DATA:
■ ■ ■ ■ ■

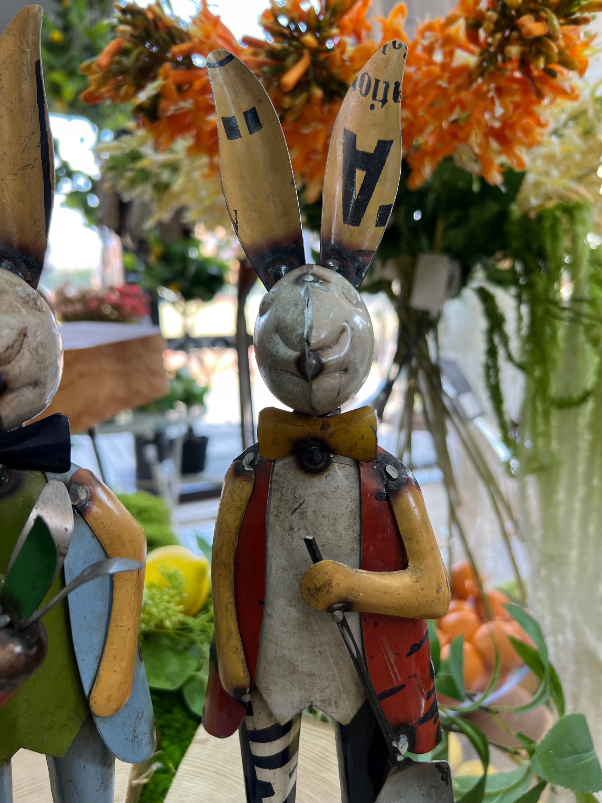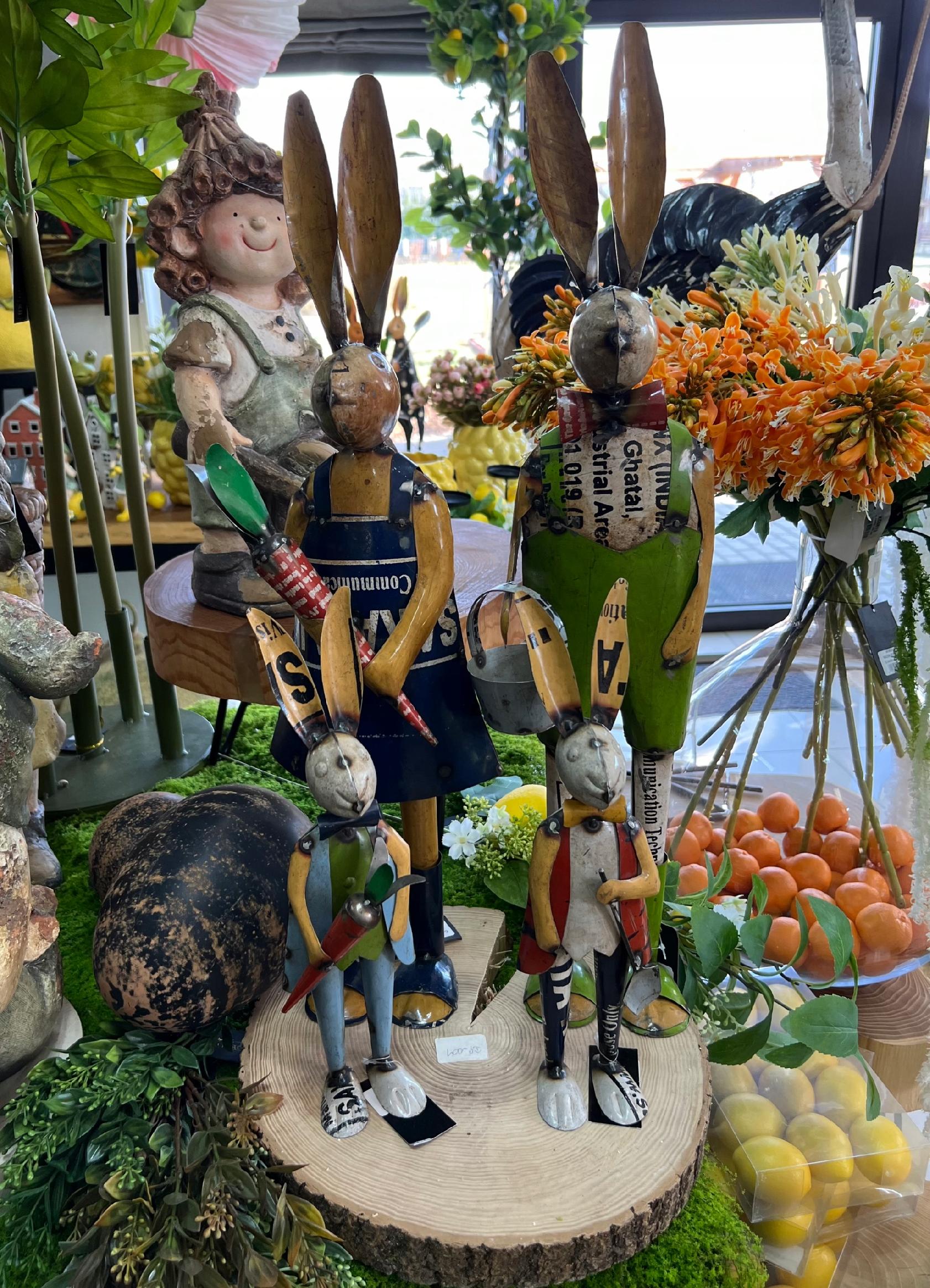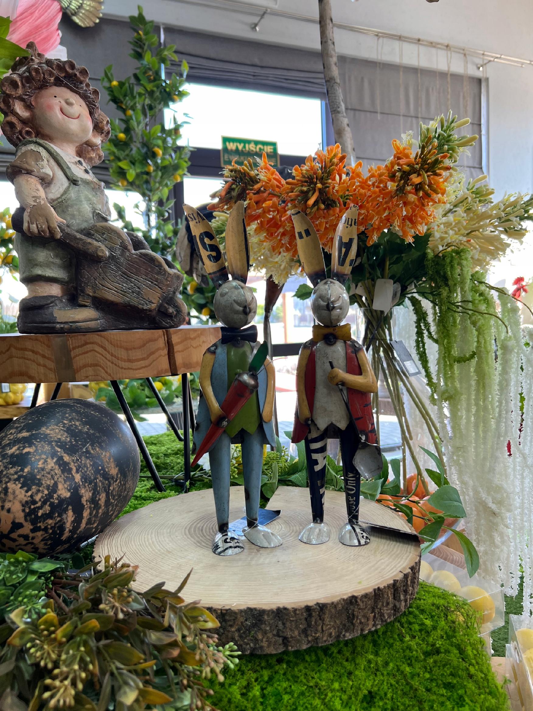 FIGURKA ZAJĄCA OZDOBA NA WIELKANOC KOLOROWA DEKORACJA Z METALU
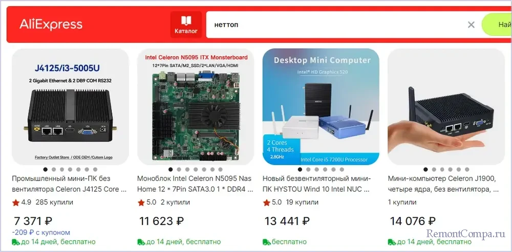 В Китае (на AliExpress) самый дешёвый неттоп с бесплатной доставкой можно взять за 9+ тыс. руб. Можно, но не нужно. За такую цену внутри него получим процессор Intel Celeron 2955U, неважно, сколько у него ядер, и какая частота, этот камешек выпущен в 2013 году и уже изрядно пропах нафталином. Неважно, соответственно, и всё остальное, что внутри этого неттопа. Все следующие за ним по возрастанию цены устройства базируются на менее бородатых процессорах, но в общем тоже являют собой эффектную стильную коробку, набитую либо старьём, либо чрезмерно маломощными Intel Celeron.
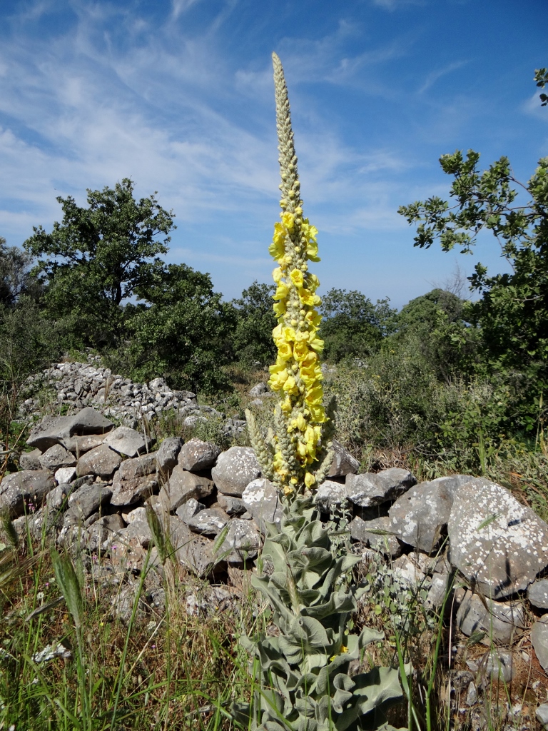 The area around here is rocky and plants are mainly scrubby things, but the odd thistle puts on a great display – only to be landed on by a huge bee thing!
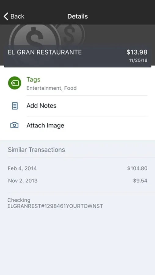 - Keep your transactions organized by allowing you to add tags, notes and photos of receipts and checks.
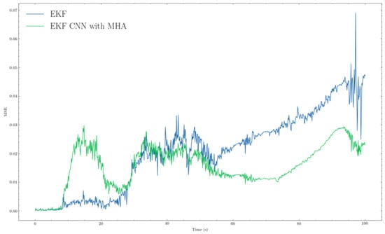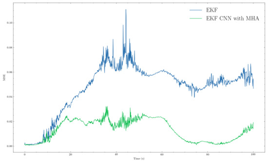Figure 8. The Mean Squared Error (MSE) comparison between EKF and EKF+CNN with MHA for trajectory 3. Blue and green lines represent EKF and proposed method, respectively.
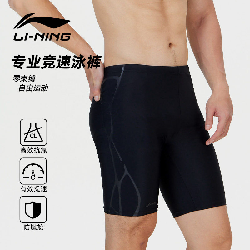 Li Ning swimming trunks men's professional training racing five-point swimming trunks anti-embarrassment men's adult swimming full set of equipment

■ ■ ■ ■ ■

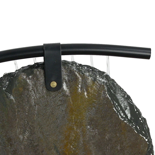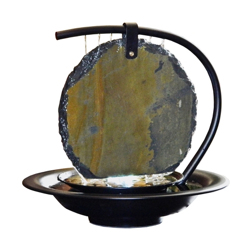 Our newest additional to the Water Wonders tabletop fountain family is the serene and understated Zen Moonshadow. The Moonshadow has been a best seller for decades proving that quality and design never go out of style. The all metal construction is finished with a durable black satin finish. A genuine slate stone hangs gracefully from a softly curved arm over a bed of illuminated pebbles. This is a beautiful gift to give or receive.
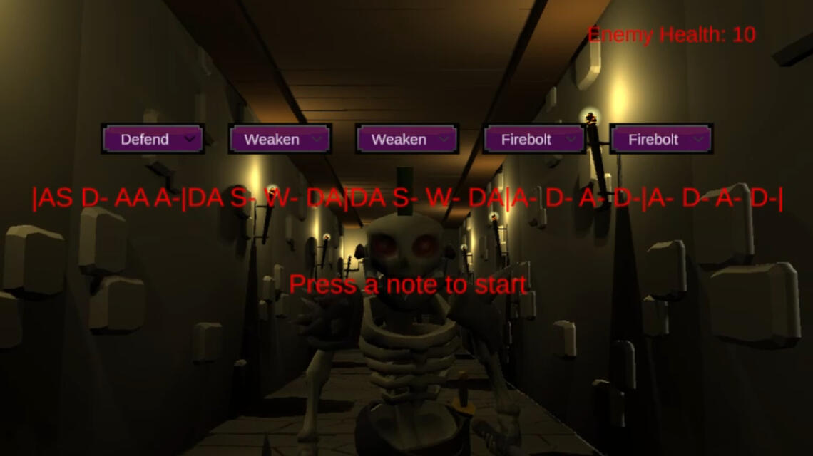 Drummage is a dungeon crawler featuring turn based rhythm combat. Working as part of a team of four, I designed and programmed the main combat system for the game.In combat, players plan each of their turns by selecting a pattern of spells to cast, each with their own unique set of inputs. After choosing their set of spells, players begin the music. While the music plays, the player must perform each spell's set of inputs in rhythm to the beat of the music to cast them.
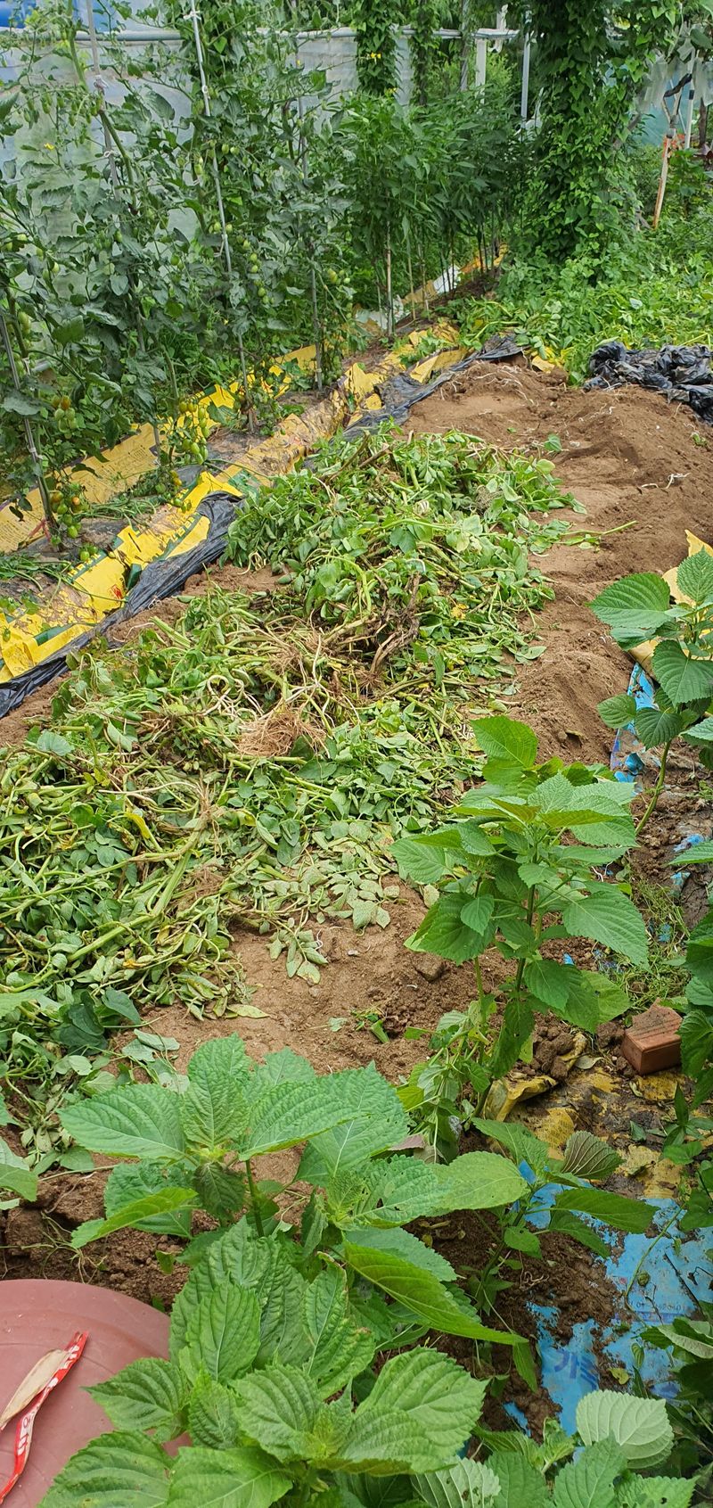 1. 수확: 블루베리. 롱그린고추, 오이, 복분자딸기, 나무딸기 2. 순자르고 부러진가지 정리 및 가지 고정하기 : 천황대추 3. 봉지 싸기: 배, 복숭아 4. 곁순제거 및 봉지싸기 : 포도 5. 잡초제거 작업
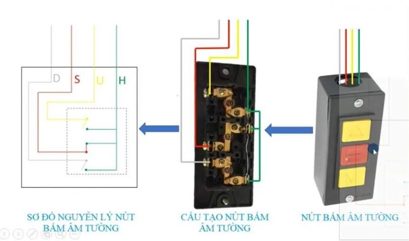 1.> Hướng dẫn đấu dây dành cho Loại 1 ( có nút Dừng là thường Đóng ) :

■ ■ ■ ■ ■

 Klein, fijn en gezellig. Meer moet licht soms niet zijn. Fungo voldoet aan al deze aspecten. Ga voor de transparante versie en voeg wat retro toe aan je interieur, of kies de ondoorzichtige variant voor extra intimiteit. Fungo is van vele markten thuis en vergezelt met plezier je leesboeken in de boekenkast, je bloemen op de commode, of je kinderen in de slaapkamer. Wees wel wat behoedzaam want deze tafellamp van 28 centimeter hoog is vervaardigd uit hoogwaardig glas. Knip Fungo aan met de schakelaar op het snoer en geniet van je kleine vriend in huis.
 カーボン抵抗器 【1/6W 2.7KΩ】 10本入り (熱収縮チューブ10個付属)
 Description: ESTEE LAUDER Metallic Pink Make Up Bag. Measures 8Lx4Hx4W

■ ■ ■ ■ ■

PROBLEM STATEMENT: Within the listing above, the lines starting at the one containing "FIGURKA ZAJĄCA OZDOBA" and ending at the one containing "Li Ning swimming" are to be returned exactly. Omit the pictures.

RESPONSE TO THE EXERCISE:
 FIGURKA ZAJĄCA OZDOBA NA WIELKANOC KOLOROWA DEKORACJA Z METALU
 В Китае (на AliExpress) самый дешёвый неттоп с бесплатной доставкой можно взять за 9+ тыс. руб. Можно, но не нужно. За такую цену внутри него получим процессор Intel Celeron 2955U, неважно, сколько у него ядер, и какая частота, этот камешек выпущен в 2013 году и уже изрядно пропах нафталином. Неважно, соответственно, и всё остальное, что внутри этого неттопа. Все следующие за ним по возрастанию цены устройства базируются на менее бородатых процессорах, но в общем тоже являют собой эффектную стильную коробку, набитую либо старьём, либо чрезмерно маломощными Intel Celeron.
 The area around here is rocky and plants are mainly scrubby things, but the odd thistle puts on a great display – only to be landed on by a huge bee thing!
 - Keep your transactions organized by allowing you to add tags, notes and photos of receipts and checks.
Figure 8. The Mean Squared Error (MSE) comparison between EKF and EKF+CNN with MHA for trajectory 3. Blue and green lines represent EKF and proposed method, respectively.
 Li Ning swimming trunks men's professional training racing five-point swimming trunks anti-embarrassment men's adult swimming full set of equipment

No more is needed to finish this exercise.